== Exercise instructions ==
Search the material below for the string "hogy" and extract each line that has it.

== Supplied records ==
──────────

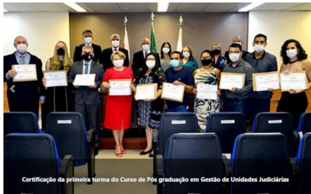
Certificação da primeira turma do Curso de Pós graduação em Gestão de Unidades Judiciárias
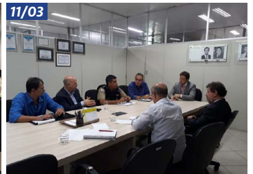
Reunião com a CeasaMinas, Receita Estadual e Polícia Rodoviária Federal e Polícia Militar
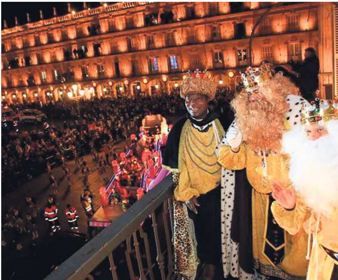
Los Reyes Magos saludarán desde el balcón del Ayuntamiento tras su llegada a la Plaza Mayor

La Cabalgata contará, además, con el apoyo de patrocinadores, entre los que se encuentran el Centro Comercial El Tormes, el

──────────

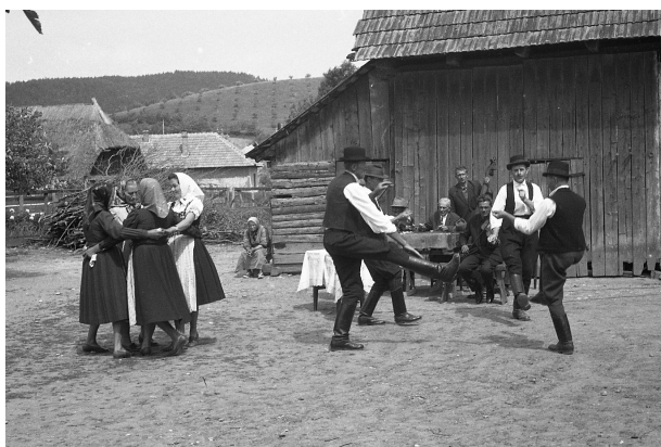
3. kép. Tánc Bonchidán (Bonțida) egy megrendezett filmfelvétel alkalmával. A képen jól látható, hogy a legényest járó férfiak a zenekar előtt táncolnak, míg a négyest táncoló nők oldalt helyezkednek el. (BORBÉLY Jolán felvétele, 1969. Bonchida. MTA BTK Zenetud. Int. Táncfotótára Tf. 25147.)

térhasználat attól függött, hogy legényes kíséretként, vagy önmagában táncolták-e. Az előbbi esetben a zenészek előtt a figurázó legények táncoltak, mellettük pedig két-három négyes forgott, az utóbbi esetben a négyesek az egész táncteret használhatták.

──────────

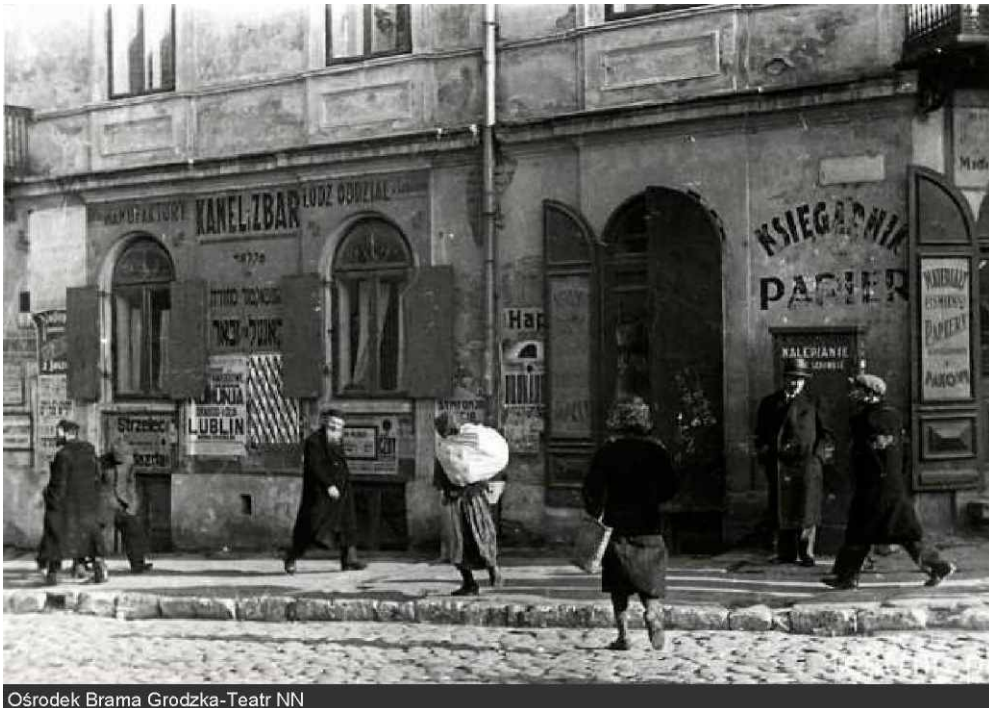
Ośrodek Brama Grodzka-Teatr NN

──────────

== Expected answer ==
3. kép. Tánc Bonchidán (Bonțida) egy megrendezett filmfelvétel alkalmával. A képen jól látható, hogy a legényest járó férfiak a zenekar előtt táncolnak, míg a négyest táncoló nők oldalt helyezkednek el. (BORBÉLY Jolán felvétele, 1969. Bonchida. MTA BTK Zenetud. Int. Táncfotótára Tf. 25147.)
térhasználat attól függött, hogy legényes kíséretként, vagy önmagában táncolták-e. Az előbbi esetben a zenészek előtt a figurázó legények táncoltak, mellettük pedig két-három négyes forgott, az utóbbi esetben a négyesek az egész táncteret használhatták.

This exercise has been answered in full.